The problem: Reproduce the entire listing exactly as written, apart from its pictures.

Dataset excerpt:
# # #

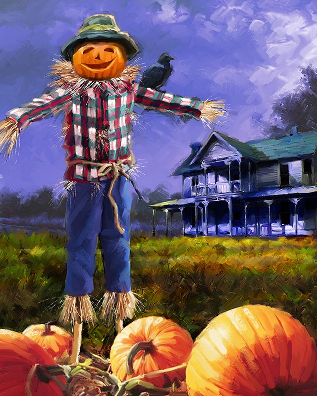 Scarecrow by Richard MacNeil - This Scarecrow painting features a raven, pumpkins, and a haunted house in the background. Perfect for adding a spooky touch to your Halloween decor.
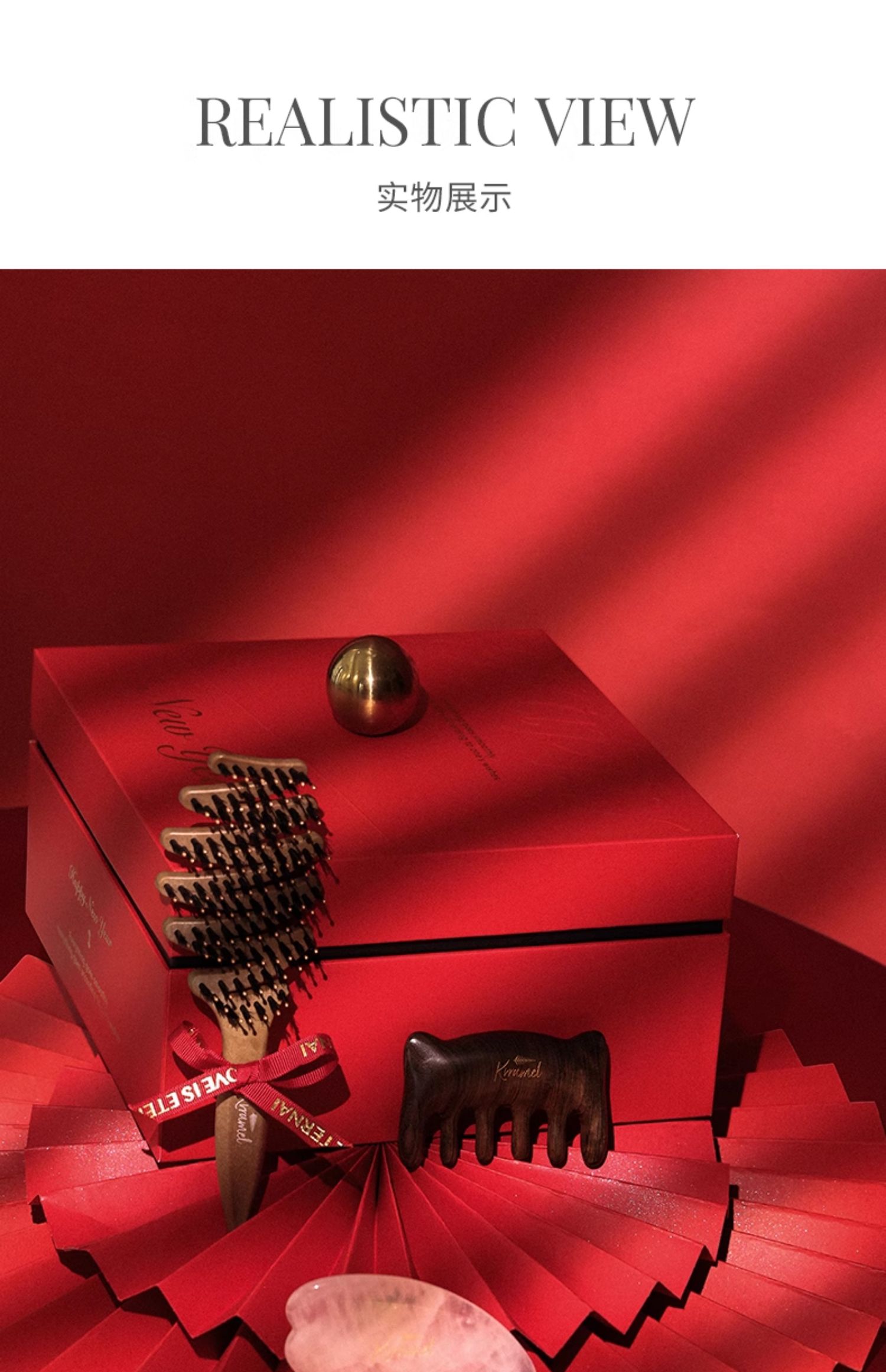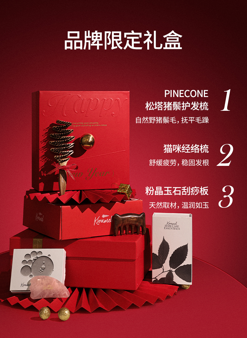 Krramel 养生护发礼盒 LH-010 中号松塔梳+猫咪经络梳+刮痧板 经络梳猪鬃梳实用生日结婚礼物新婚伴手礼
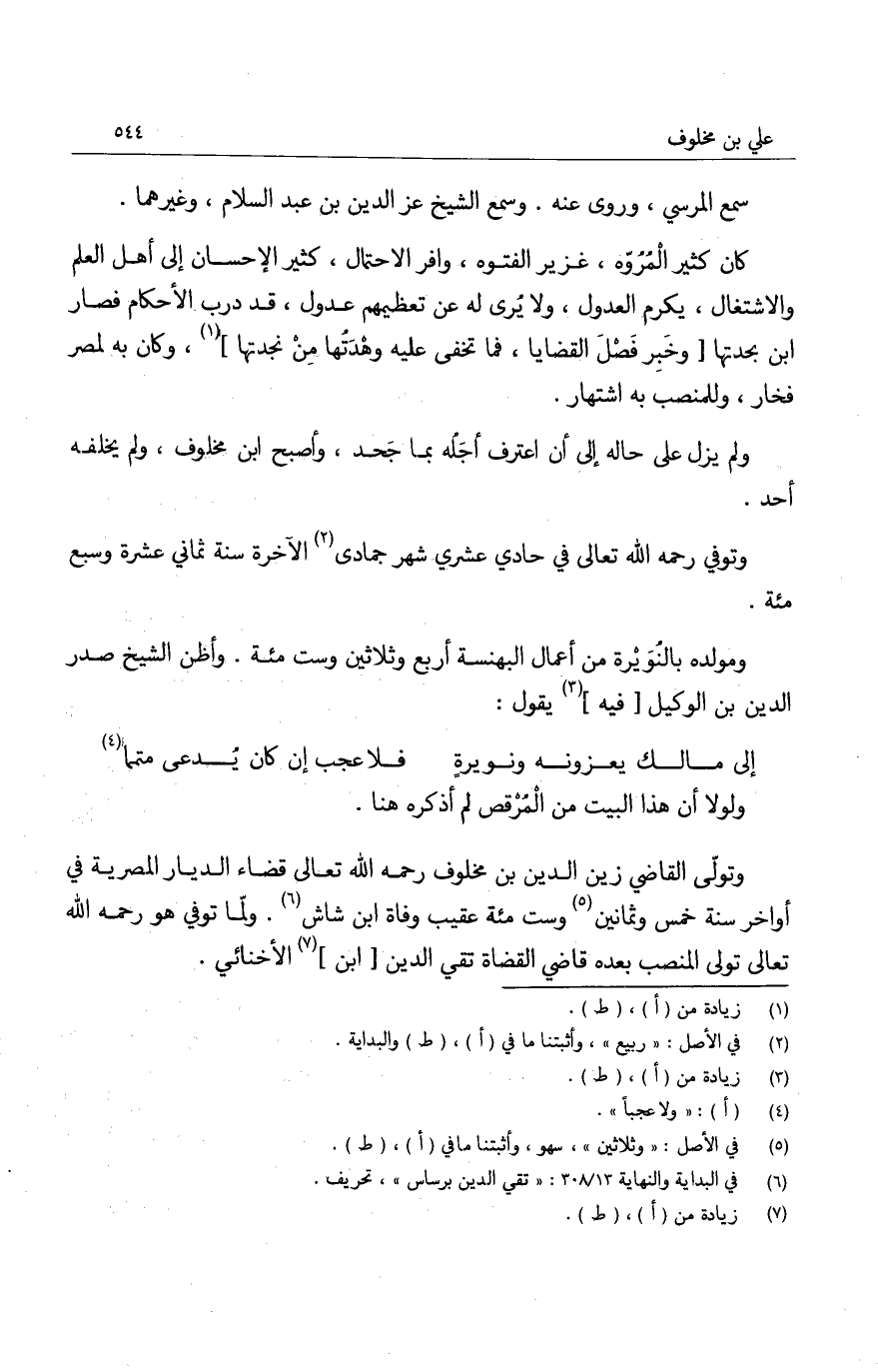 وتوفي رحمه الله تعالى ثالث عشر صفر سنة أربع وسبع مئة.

# # #

Answer box:
 Scarecrow by Richard MacNeil - This Scarecrow painting features a raven, pumpkins, and a haunted house in the background. Perfect for adding a spooky touch to your Halloween decor.
 Krramel 养生护发礼盒 LH-010 中号松塔梳+猫咪经络梳+刮痧板 经络梳猪鬃梳实用生日结婚礼物新婚伴手礼
 وتوفي رحمه الله تعالى ثالث عشر صفر سنة أربع وسبع مئة.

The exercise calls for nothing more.